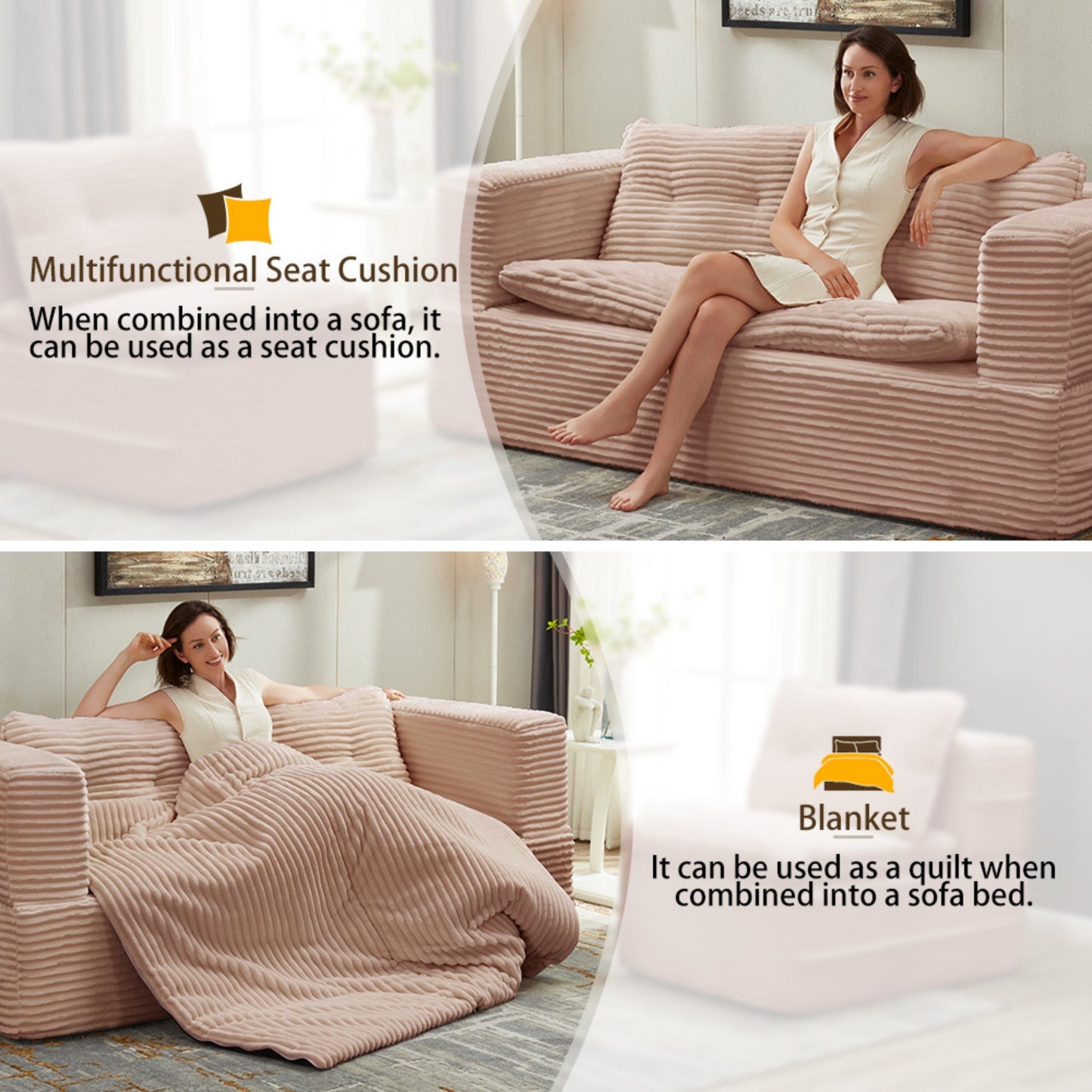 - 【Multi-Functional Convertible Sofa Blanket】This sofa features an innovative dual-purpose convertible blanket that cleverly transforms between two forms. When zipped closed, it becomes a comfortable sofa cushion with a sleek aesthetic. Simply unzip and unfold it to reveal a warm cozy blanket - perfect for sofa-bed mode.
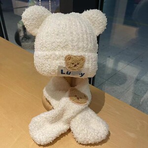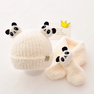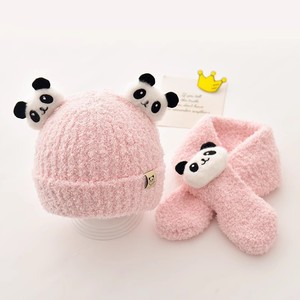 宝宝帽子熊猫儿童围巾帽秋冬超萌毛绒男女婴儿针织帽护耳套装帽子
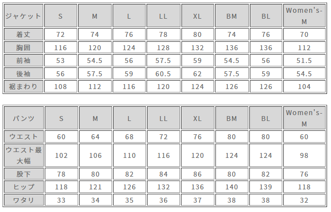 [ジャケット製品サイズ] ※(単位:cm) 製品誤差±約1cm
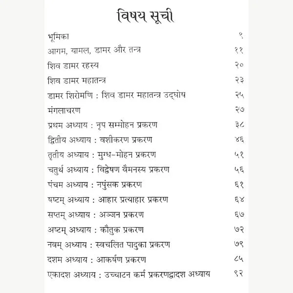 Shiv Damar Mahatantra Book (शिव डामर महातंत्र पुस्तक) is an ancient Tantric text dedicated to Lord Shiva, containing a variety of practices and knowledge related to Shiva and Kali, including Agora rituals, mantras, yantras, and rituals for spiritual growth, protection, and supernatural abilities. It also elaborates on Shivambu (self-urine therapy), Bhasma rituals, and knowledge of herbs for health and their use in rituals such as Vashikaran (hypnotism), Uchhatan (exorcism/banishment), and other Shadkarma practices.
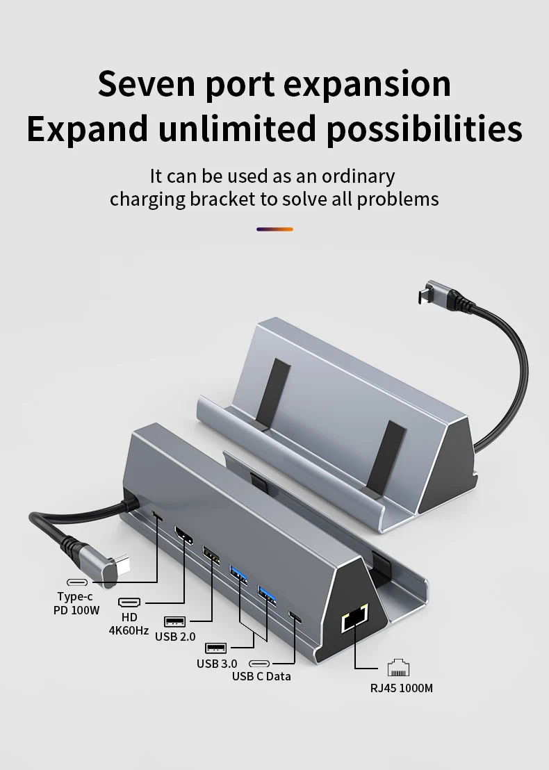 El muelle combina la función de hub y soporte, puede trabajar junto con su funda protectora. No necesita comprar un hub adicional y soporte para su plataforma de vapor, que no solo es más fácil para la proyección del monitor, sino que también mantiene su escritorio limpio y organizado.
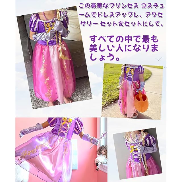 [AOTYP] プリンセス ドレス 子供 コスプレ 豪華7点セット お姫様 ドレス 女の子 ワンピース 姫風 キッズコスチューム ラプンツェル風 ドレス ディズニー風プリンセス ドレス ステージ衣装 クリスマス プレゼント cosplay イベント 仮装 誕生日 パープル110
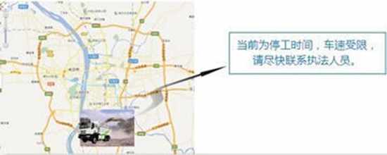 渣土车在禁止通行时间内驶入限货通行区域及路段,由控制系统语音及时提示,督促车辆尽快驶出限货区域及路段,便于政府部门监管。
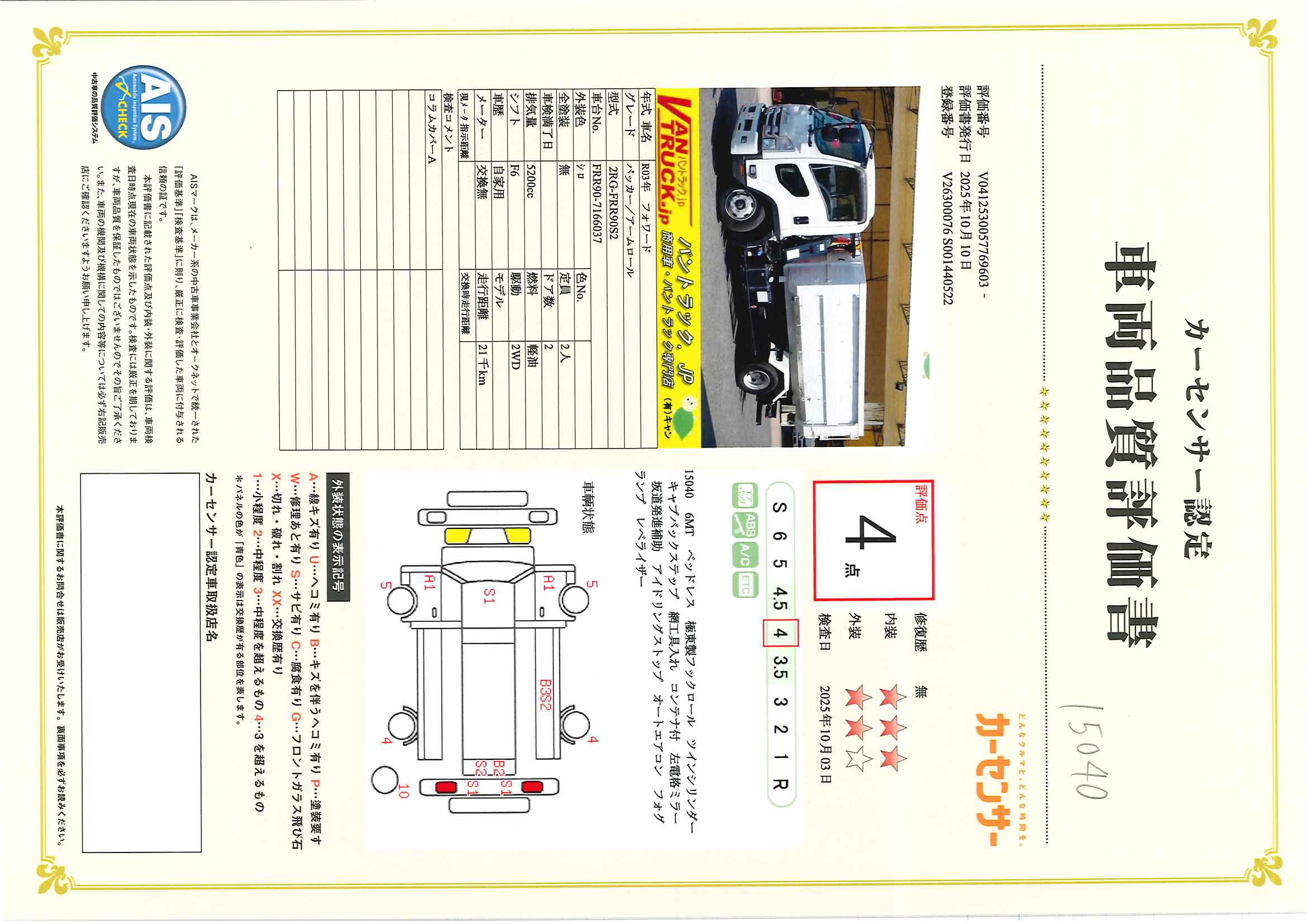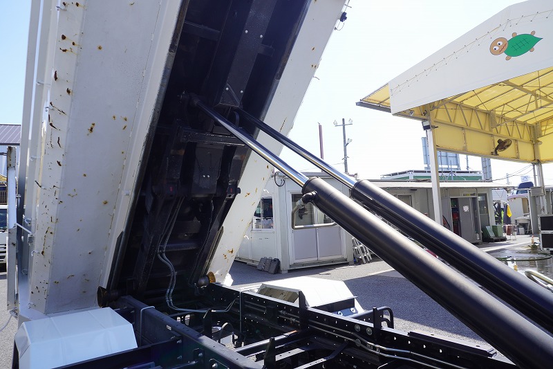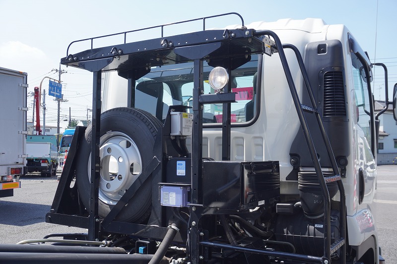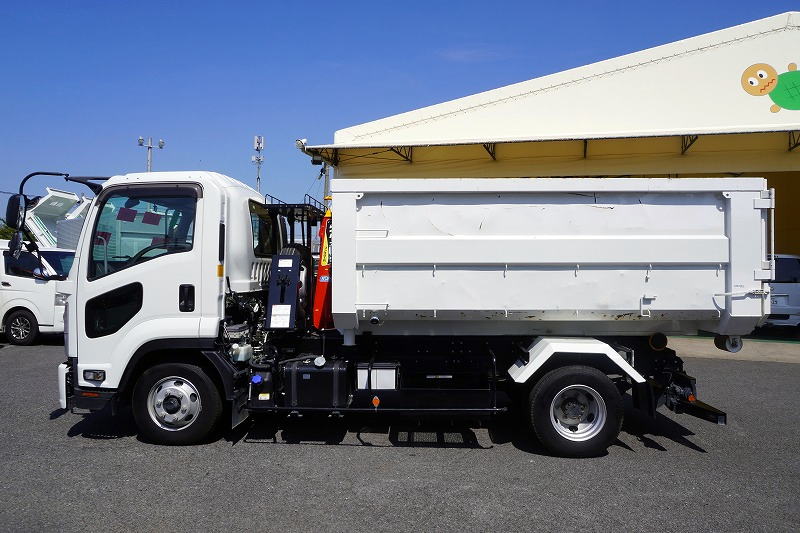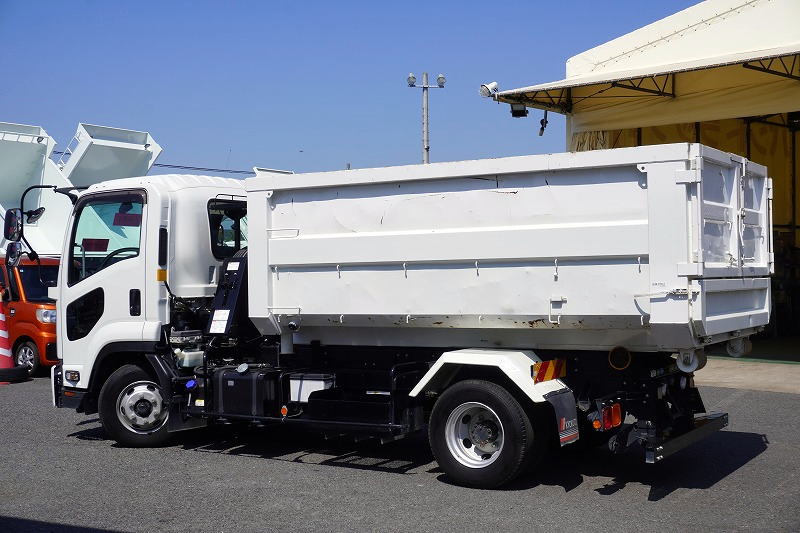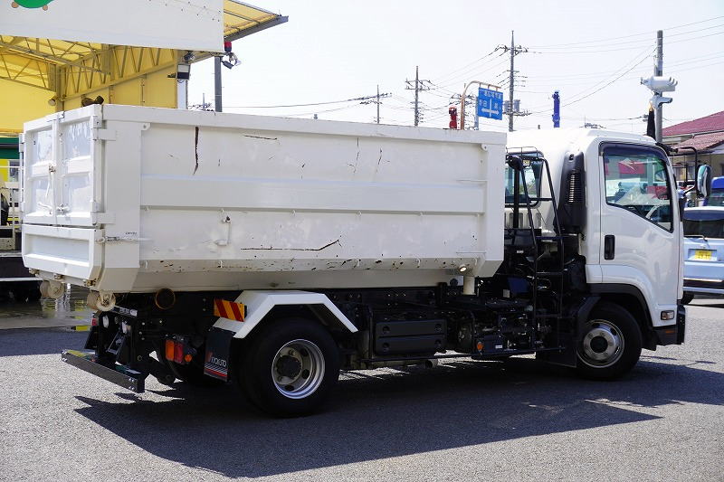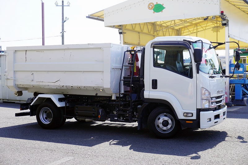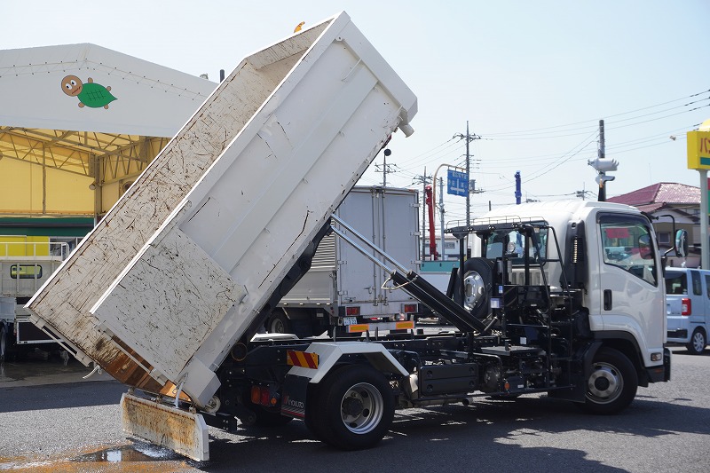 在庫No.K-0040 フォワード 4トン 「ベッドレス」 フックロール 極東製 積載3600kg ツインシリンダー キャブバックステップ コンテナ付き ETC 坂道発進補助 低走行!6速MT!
-=-=-
Transcribe exactly, and only, the lines from the line with "宝宝帽子熊猫儿童围巾帽秋冬超萌毛绒男女婴儿针织帽护耳套装帽子" through the last line of the records, inclusive; the pictures do not belong in the copy.

 宝宝帽子熊猫儿童围巾帽秋冬超萌毛绒男女婴儿针织帽护耳套装帽子
 [ジャケット製品サイズ] ※(単位:cm) 製品誤差±約1cm
 Shiv Damar Mahatantra Book (शिव डामर महातंत्र पुस्तक) is an ancient Tantric text dedicated to Lord Shiva, containing a variety of practices and knowledge related to Shiva and Kali, including Agora rituals, mantras, yantras, and rituals for spiritual growth, protection, and supernatural abilities. It also elaborates on Shivambu (self-urine therapy), Bhasma rituals, and knowledge of herbs for health and their use in rituals such as Vashikaran (hypnotism), Uchhatan (exorcism/banishment), and other Shadkarma practices.
 El muelle combina la función de hub y soporte, puede trabajar junto con su funda protectora. No necesita comprar un hub adicional y soporte para su plataforma de vapor, que no solo es más fácil para la proyección del monitor, sino que también mantiene su escritorio limpio y organizado.
 [AOTYP] プリンセス ドレス 子供 コスプレ 豪華7点セット お姫様 ドレス 女の子 ワンピース 姫風 キッズコスチューム ラプンツェル風 ドレス ディズニー風プリンセス ドレス ステージ衣装 クリスマス プレゼント cosplay イベント 仮装 誕生日 パープル110
 渣土车在禁止通行时间内驶入限货通行区域及路段,由控制系统语音及时提示,督促车辆尽快驶出限货区域及路段,便于政府部门监管。
 在庫No.K-0040 フォワード 4トン 「ベッドレス」 フックロール 極東製 積載3600kg ツインシリンダー キャブバックステップ コンテナ付き ETC 坂道発進補助 低走行!6速MT!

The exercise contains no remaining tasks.